A lot of people wonder how to design for scale. Honestly, learning how to code for scale takes a lot of practice. In my opinion, it is easier to do once you have experienced some of those scaling pains. After you have seen the downfalls of slow code it can be easier to pick it out in the future.
In this post I want to share one example of the difference between "It will do" code vs "It will scale" code.
Finding the Offending Code
First and foremost, how did I find this unoptimized code? We had some jobs that were taking a long time to run and I decided to try and figure out why. I took some sample data and ran the job inline in a console with Rails.logger.level = 0
. Here's a snippet of what I saw.
Role Load (0.6ms) SELECT `roles`.* FROM `roles` WHERE `roles`.`description` = 'read-only' ORDER BY description ASC LIMIT 1
Role Load (0.6ms) SELECT `roles`.* FROM `roles` WHERE `roles`.`description` = 'basic' ORDER BY description ASC LIMIT 1
Role Load (0.6ms) SELECT `roles`.* FROM `roles` WHERE `roles`.`description` = 'admin' ORDER BY description ASC LIMIT 1
...
Role Load (0.6ms) SELECT `roles`.* FROM `roles` WHERE `roles`.`description` = 'read-only' ORDER BY description ASC LIMIT 1
Role Load (0.6ms) SELECT `roles`.* FROM `roles` WHERE `roles`.`description` = 'basic' ORDER BY description ASC LIMIT 1
Role Load (0.6ms) SELECT `roles`.* FROM `roles` WHERE `roles`.`description` = 'admin' ORDER BY description ASC LIMIT 1
...
Role Load (0.6ms) SELECT `roles`.* FROM `roles` WHERE `roles`.`description` = 'read-only' ORDER BY description ASC LIMIT 1
Role Load (0.6ms) SELECT `roles`.* FROM `roles` WHERE `roles`.`description` = 'basic' ORDER BY description ASC LIMIT 1
Role Load (0.6ms) SELECT `roles`.* FROM `roles` WHERE `roles`.`description` = 'admin' ORDER BY description ASC LIMIT 1
Over and over again we were looking up these same three roles.
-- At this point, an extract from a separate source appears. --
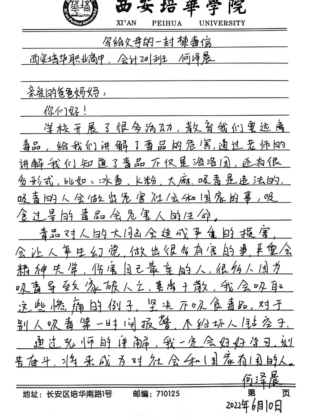 为了引导家长重视禁毒工作,我院组织开展了“写给父母的一封禁毒信”活动,组织学生把自己对于毒品的危害和拒绝毒品的决心写成信件交给父母,形成禁毒防护的有效闭环,确保此次禁毒专题活动的效果落实到位。

I knew to process the data we would check the user's role to figure out the permissions, but I had no clue why we were making 3 database requests to do it. I eventually traced the MySQL requests to this line of code: Role.system_roles.include?(user.role)
. From there I went to the Role model to see what that method was doing.
def self.system_roles
[readonly_role, default_role, admin_role]
end
Each of those three roles were defined in their own methods.
def self.admin_role
find_by(:description => ADMIN_ROLE)
end
def self.default_role
find_by(:description => DEFAULT_ROLE)
end
def self.readonly_role
find_by(:description => READONLY_ROLE)
end
Now it all made complete sense. Immediately, I scoffed at the code I had found. But then I stopped myself. Rather than going on a rant about how inefficient this code was, I took some time to understand why it was written this way in the first place.
Writing Code That Will Do
Turns out, the first set of individual role methods were written first. The individual find methods were used throughout the code to do simple one off permission checks for a single role.
A little later on, when we did our first pass at role based access control (RBAC) we implemented the system_roles
method. We used this method to check access permissions for users in controller actions. Since we were only using it to do a single lookup in a controller action, we were not worried about 3 0.6ms
MySQL queries. We wrote code that "would do".
Eventually, we expanded RBAC to include controlling access to data from our Elasticsearch cluster. Every time we made a request to Elasticsearch, we would check the role permissions of the user that made the request. When implementing this, I(yep, this one is on me!) found the system_roles
method on the Role model and used it. At the time, I did not think about what would happen if we started calling that method millions of times. It was a simple method that we already had, so I figured I would use it. It worked great for over a year.
Writing Code For Scale
Today, we still use this code when we are getting data from Elasticsearch. Except now, we run this code hundreds of thousands of times in parallel background workers. Those 3 individual calls to MySQL were adding up and adding a not so insignificant amount of time to our jobs. To fix the problem, I updated the system_roles
method to use a single where
clause.
def self.system_roles
where(:description => [ADMIN_ROLE, DEFAULT_ROLE, READONLY_ROLE])
end
Instead of making 3, 0.6ms
MySQL requests, we now only have to make a single 0.3ms
MySQL request. Not only does this save us time, but this also saves us additional load on our database.
Lesson 1 Learned - Try to write code that will scale from the start.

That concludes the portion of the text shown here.